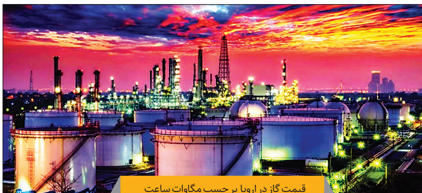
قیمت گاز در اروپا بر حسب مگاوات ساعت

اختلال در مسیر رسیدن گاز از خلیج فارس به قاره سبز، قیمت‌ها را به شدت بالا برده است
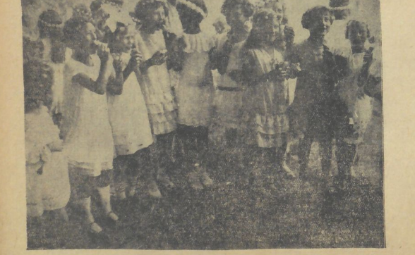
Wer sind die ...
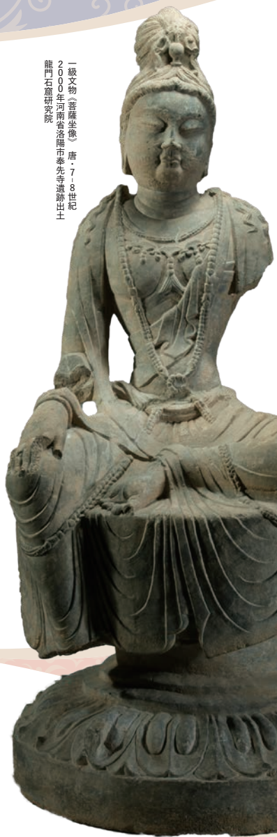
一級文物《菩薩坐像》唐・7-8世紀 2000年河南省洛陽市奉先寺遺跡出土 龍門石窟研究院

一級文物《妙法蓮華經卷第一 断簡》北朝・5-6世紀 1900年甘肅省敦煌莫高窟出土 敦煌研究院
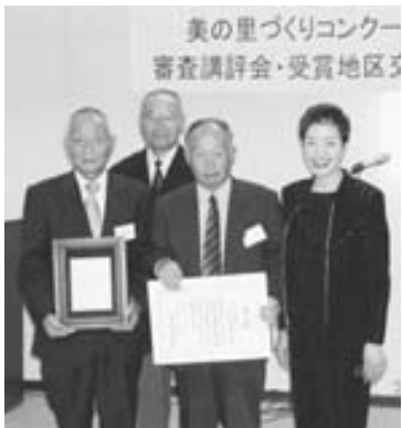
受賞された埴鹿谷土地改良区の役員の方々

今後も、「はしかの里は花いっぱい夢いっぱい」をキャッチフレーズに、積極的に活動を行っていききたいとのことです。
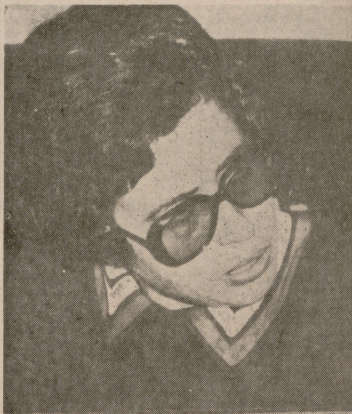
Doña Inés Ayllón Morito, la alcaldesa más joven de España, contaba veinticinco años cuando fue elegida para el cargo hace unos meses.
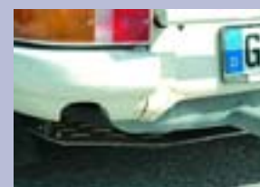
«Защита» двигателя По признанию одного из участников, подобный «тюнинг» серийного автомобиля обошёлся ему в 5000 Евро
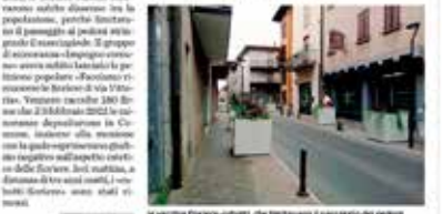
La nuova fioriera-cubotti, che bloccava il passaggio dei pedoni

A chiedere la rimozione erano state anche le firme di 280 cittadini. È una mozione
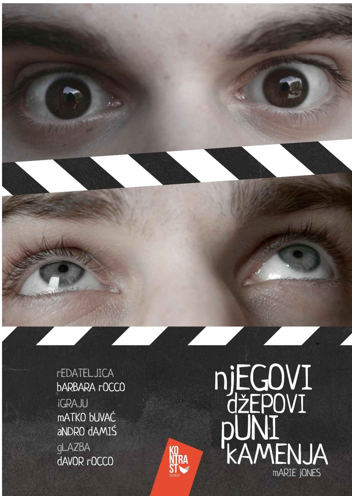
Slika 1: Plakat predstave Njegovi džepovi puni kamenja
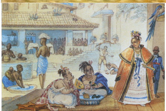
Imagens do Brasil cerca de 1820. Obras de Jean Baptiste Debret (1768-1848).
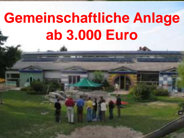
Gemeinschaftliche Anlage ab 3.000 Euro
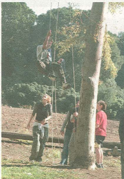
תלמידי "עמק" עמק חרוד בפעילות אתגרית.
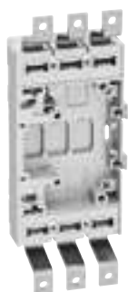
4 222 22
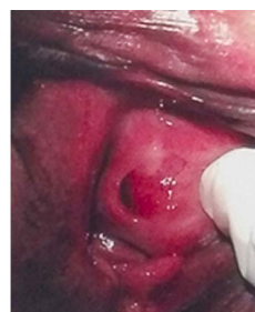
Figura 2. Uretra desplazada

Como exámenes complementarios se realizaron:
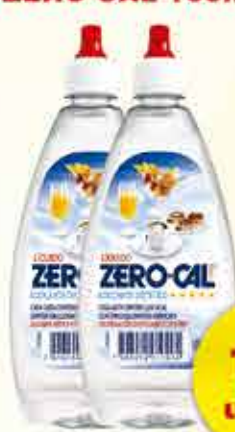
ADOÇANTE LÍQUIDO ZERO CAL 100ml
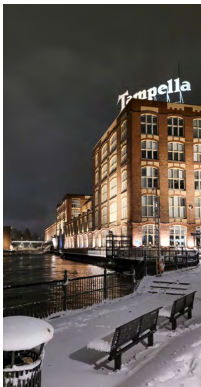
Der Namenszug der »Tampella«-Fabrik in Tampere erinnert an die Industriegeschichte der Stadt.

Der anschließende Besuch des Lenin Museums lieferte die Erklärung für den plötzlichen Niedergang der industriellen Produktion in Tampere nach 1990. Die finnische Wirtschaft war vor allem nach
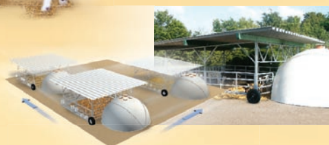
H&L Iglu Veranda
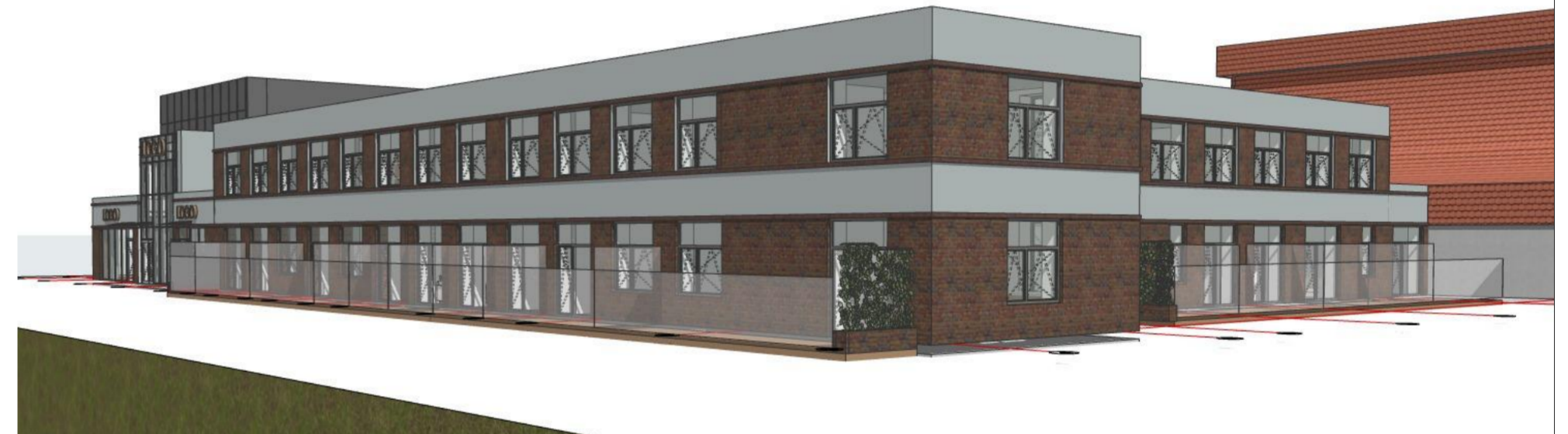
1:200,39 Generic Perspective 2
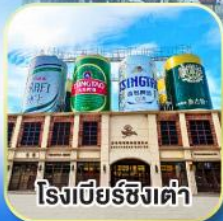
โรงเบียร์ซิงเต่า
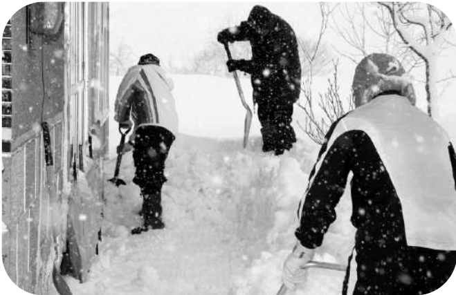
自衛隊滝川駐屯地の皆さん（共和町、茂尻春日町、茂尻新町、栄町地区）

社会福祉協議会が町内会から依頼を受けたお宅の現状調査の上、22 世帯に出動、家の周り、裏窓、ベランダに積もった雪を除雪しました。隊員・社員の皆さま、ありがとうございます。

==

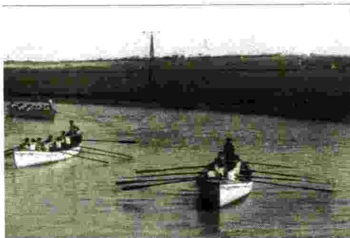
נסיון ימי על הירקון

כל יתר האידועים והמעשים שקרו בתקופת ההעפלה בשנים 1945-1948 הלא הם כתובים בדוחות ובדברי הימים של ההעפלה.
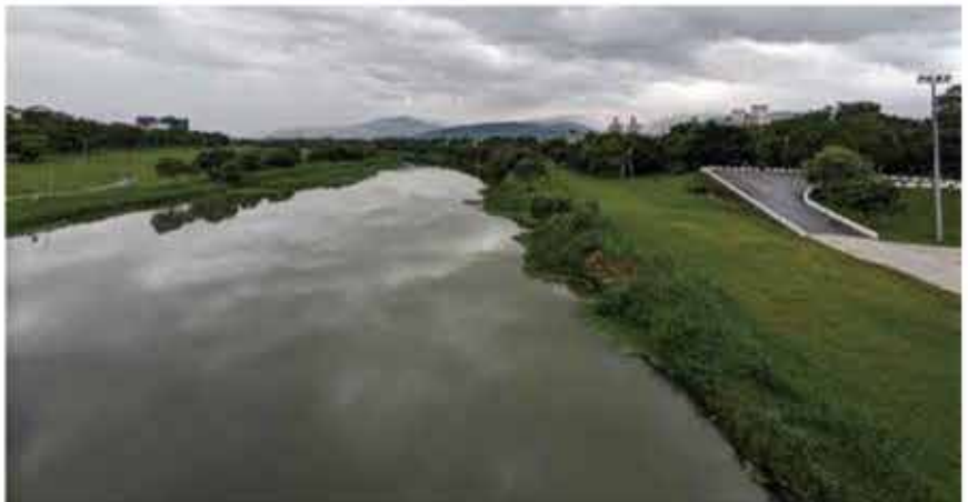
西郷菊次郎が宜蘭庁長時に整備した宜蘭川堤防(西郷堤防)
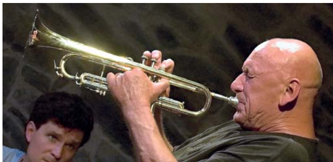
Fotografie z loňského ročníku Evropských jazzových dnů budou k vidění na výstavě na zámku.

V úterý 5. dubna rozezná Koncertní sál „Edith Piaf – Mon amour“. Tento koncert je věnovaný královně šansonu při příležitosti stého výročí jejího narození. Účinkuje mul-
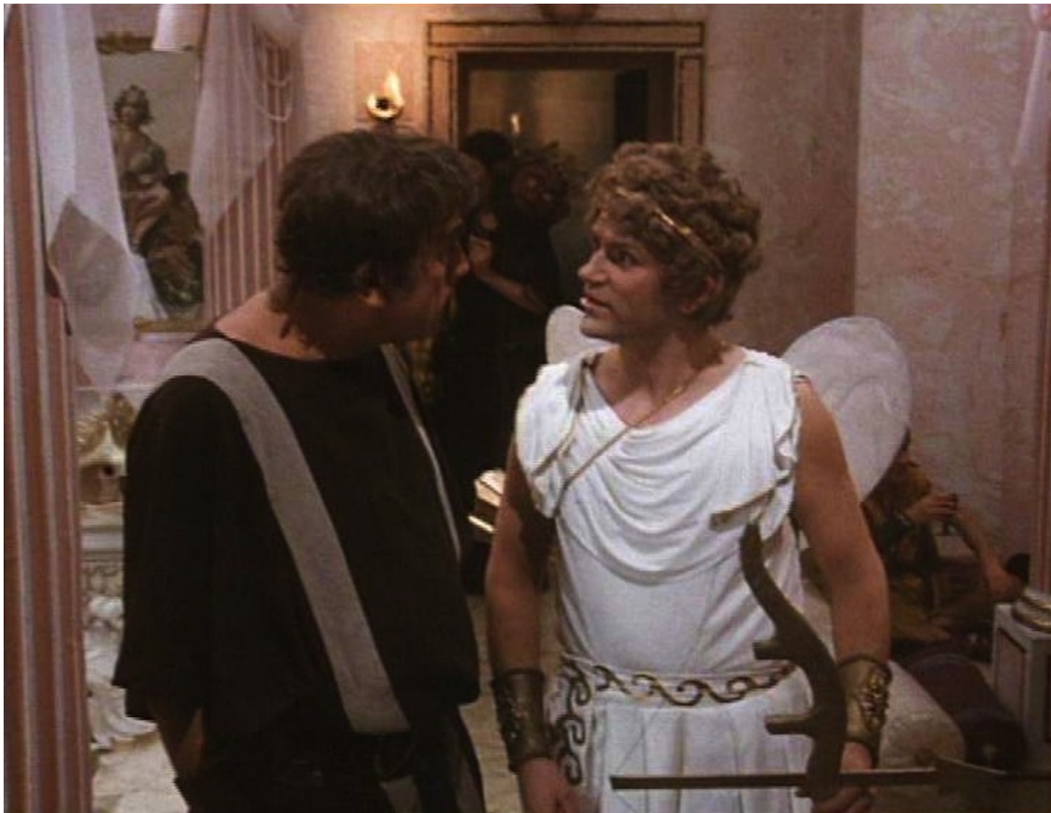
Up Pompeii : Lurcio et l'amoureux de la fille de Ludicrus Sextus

---

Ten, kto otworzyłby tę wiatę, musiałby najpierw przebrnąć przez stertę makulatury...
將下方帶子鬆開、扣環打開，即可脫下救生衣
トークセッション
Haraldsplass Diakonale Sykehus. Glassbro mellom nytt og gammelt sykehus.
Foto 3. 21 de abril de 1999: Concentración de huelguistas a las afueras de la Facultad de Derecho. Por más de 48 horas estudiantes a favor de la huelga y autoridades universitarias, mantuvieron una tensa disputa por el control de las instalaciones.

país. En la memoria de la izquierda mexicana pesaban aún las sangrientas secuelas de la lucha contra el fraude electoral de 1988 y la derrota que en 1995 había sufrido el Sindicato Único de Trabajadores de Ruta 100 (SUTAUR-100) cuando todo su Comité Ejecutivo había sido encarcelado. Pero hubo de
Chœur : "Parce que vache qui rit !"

**Exercise brief**.
Write down exactly what the lines above say, from the line holding "قیمت گاز در اروپا بر حسب مگاوات ساعت" through the line holding "受賞された埴鹿谷土地改良区の役員の方々", and nothing more. Do not copy the pictures.

**Expected answer**.
قیمت گاز در اروپا بر حسب مگاوات ساعت

اختلال در مسیر رسیدن گاز از خلیج فارس به قاره سبز، قیمت‌ها را به شدت بالا برده است
Wer sind die ...
一級文物《菩薩坐像》唐・7-8世紀 2000年河南省洛陽市奉先寺遺跡出土 龍門石窟研究院

一級文物《妙法蓮華經卷第一 断簡》北朝・5-6世紀 1900年甘肅省敦煌莫高窟出土 敦煌研究院
受賞された埴鹿谷土地改良区の役員の方々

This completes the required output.